A word-for-word restatement of the whole listing is the expected answer.

DATA RECORDS:
┌────────

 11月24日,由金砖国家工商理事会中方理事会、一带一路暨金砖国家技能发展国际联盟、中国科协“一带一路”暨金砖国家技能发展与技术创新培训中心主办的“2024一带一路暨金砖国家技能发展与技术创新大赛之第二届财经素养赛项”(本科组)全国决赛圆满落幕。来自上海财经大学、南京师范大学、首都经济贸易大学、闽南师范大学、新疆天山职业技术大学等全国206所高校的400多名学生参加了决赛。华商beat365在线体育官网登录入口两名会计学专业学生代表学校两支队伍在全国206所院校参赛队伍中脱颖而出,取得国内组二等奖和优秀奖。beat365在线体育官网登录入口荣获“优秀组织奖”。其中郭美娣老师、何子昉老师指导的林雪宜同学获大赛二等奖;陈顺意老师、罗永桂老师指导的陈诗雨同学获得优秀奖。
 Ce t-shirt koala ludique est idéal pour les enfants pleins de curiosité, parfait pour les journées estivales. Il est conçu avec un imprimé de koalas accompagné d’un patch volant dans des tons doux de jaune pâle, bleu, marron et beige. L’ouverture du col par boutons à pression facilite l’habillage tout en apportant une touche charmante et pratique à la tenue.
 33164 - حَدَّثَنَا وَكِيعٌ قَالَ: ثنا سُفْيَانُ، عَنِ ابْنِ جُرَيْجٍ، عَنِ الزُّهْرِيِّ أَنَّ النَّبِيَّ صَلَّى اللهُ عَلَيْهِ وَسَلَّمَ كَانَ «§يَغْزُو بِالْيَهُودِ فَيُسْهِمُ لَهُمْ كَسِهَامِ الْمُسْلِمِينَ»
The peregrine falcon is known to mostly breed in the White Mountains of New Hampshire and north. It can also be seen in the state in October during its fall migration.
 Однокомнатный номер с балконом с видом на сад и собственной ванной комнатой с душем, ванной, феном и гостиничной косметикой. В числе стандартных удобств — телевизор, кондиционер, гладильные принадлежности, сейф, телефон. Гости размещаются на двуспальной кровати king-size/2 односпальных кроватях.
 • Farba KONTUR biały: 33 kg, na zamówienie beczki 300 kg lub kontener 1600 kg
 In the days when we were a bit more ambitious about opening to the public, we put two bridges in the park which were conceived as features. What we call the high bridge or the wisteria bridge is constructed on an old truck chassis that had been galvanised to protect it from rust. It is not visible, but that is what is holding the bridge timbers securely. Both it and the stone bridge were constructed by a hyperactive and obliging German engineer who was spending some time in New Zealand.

└────────

EXERCISE ANSWER:
 11月24日,由金砖国家工商理事会中方理事会、一带一路暨金砖国家技能发展国际联盟、中国科协“一带一路”暨金砖国家技能发展与技术创新培训中心主办的“2024一带一路暨金砖国家技能发展与技术创新大赛之第二届财经素养赛项”(本科组)全国决赛圆满落幕。来自上海财经大学、南京师范大学、首都经济贸易大学、闽南师范大学、新疆天山职业技术大学等全国206所高校的400多名学生参加了决赛。华商beat365在线体育官网登录入口两名会计学专业学生代表学校两支队伍在全国206所院校参赛队伍中脱颖而出,取得国内组二等奖和优秀奖。beat365在线体育官网登录入口荣获“优秀组织奖”。其中郭美娣老师、何子昉老师指导的林雪宜同学获大赛二等奖;陈顺意老师、罗永桂老师指导的陈诗雨同学获得优秀奖。
 Ce t-shirt koala ludique est idéal pour les enfants pleins de curiosité, parfait pour les journées estivales. Il est conçu avec un imprimé de koalas accompagné d’un patch volant dans des tons doux de jaune pâle, bleu, marron et beige. L’ouverture du col par boutons à pression facilite l’habillage tout en apportant une touche charmante et pratique à la tenue.
 33164 - حَدَّثَنَا وَكِيعٌ قَالَ: ثنا سُفْيَانُ، عَنِ ابْنِ جُرَيْجٍ، عَنِ الزُّهْرِيِّ أَنَّ النَّبِيَّ صَلَّى اللهُ عَلَيْهِ وَسَلَّمَ كَانَ «§يَغْزُو بِالْيَهُودِ فَيُسْهِمُ لَهُمْ كَسِهَامِ الْمُسْلِمِينَ»
The peregrine falcon is known to mostly breed in the White Mountains of New Hampshire and north. It can also be seen in the state in October during its fall migration.
 Однокомнатный номер с балконом с видом на сад и собственной ванной комнатой с душем, ванной, феном и гостиничной косметикой. В числе стандартных удобств — телевизор, кондиционер, гладильные принадлежности, сейф, телефон. Гости размещаются на двуспальной кровати king-size/2 односпальных кроватях.
 • Farba KONTUR biały: 33 kg, na zamówienie beczki 300 kg lub kontener 1600 kg
 In the days when we were a bit more ambitious about opening to the public, we put two bridges in the park which were conceived as features. What we call the high bridge or the wisteria bridge is constructed on an old truck chassis that had been galvanised to protect it from rust. It is not visible, but that is what is holding the bridge timbers securely. Both it and the stone bridge were constructed by a hyperactive and obliging German engineer who was spending some time in New Zealand.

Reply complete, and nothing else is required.